Even winners of the highest awards in economics can’t always be right. Which prediction proves correct depends in part on whether private investors can be enticed to bid on as much as $1 trillion of illiquid loans and securities that banks are now stuck with.
“This program is crucially dependent on the private sector as participants and price setters,” said Spence, 65, who shared the Nobel Prize with George Akerlof and Joseph Stiglitz for a theory that found some government intervention can make markets more efficient. “It could work,” Spence said in a telephone interview yesterday.
That’s not an opinion shared by 2008 Nobel laureate Krugman. “The real problem with this plan is that it won’t work,” Krugman, 56, said in his New York Times opinion column yesterday.

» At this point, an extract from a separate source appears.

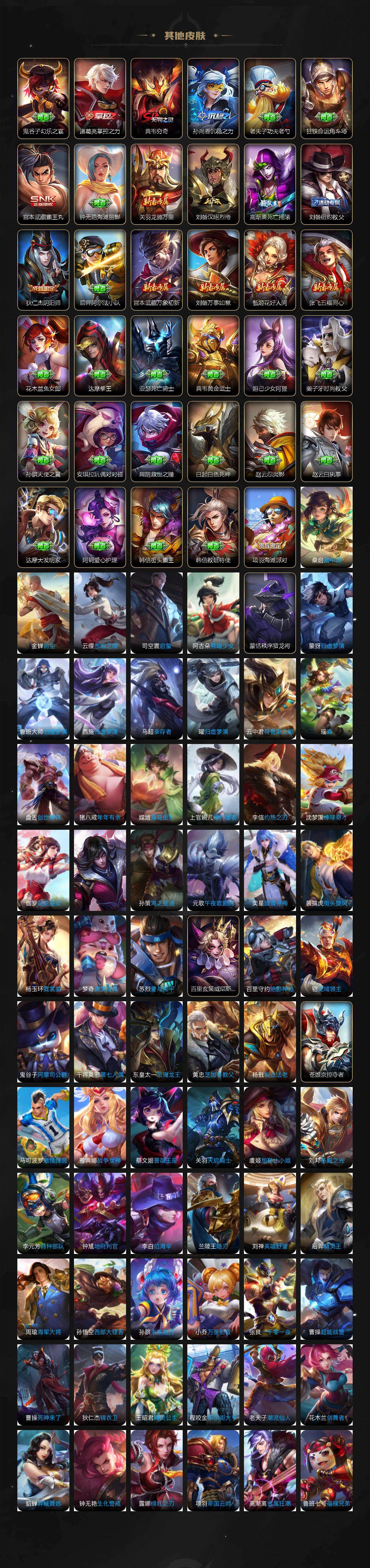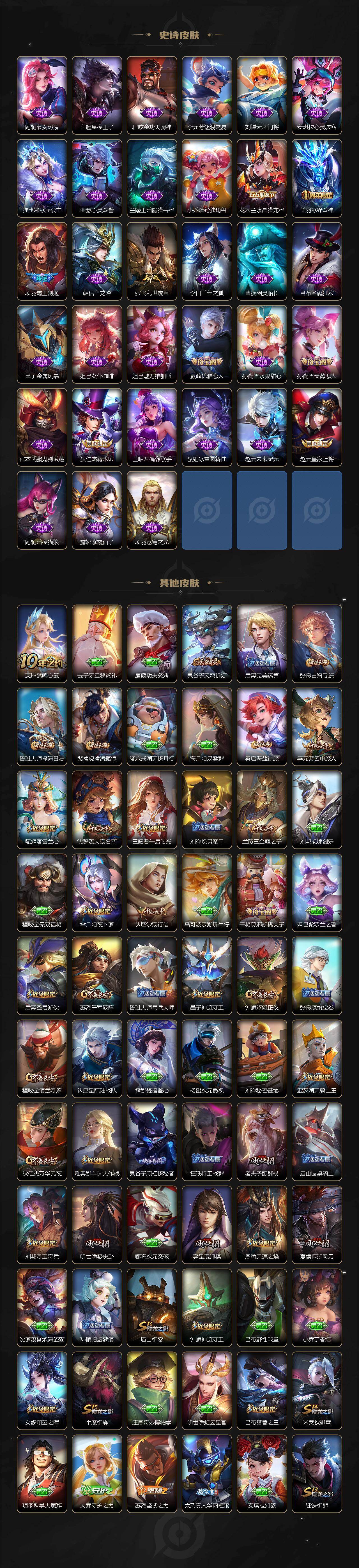 【限定皮肤】:狄仁杰阴阳师,廉颇寅虎御盾,赵云皇家上将,墨子神迹守卫,嬴政优雅恋人,嬴政白昼王子,孙尚香蔷薇恋人,鲁班七号狮舞东方,庄周高山流水,高渐离死亡摇滚,阿轲迷踪丽影,芈月白晶晶,芈月幻夜卜梦,吕布猎兽之王,周瑜赤莲之焰,元歌云间偶戏,夏侯惇朔风刀,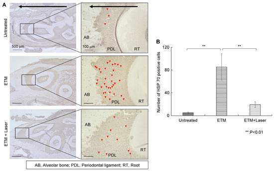 HSP 70 immunohistochemical staining. The expression of HSP 70 in the periodontal tissues. (A) As tooth movement occurs in the direction of the arrow (black) in the figure, the left side of each root was considered the compression side. Arrowheads indicate HSP 70-positive cells (red). (B) Number of HSP 70-positive cells in the periodontal ligament on the compression side in the untreated, ETM, and ETM + laser groups. n = 5. ** p < 0.01 (Tukey’s tests). Scale bar, 500 μm in the left-hand slides (×4); 100 μm in the right-hand slides (×20). HSP 70, heat shock protein 70; AB, alveolar bone; PDL, periodontal ligament; RT, root.

Geithner appears to be going back to the “cash for trash” approach of his predecessor as Treasury Secretary, Henry Paulson, Krugman said. “This is more than disappointing. In fact, it fills me with a sense of despair.”
Krugman’s Advice
Instead of financing the purchase of illiquid assets, the government should guarantee many bank debts, take control of “insolvent” firms and clean up their books, similar to what Sweden did in the 1990s, Krugman said.
While Spence, a Stanford University professor and former business-school dean, has more confidence in Geithner, even he isn’t positive the Treasury secretary can pull it off.
The Treasury plan “is a little complex to implement,” Spence said. “I assume the Treasury has done its homework, and has people lined up” to commit private capital to Geithner’s public-private partnerships, he said.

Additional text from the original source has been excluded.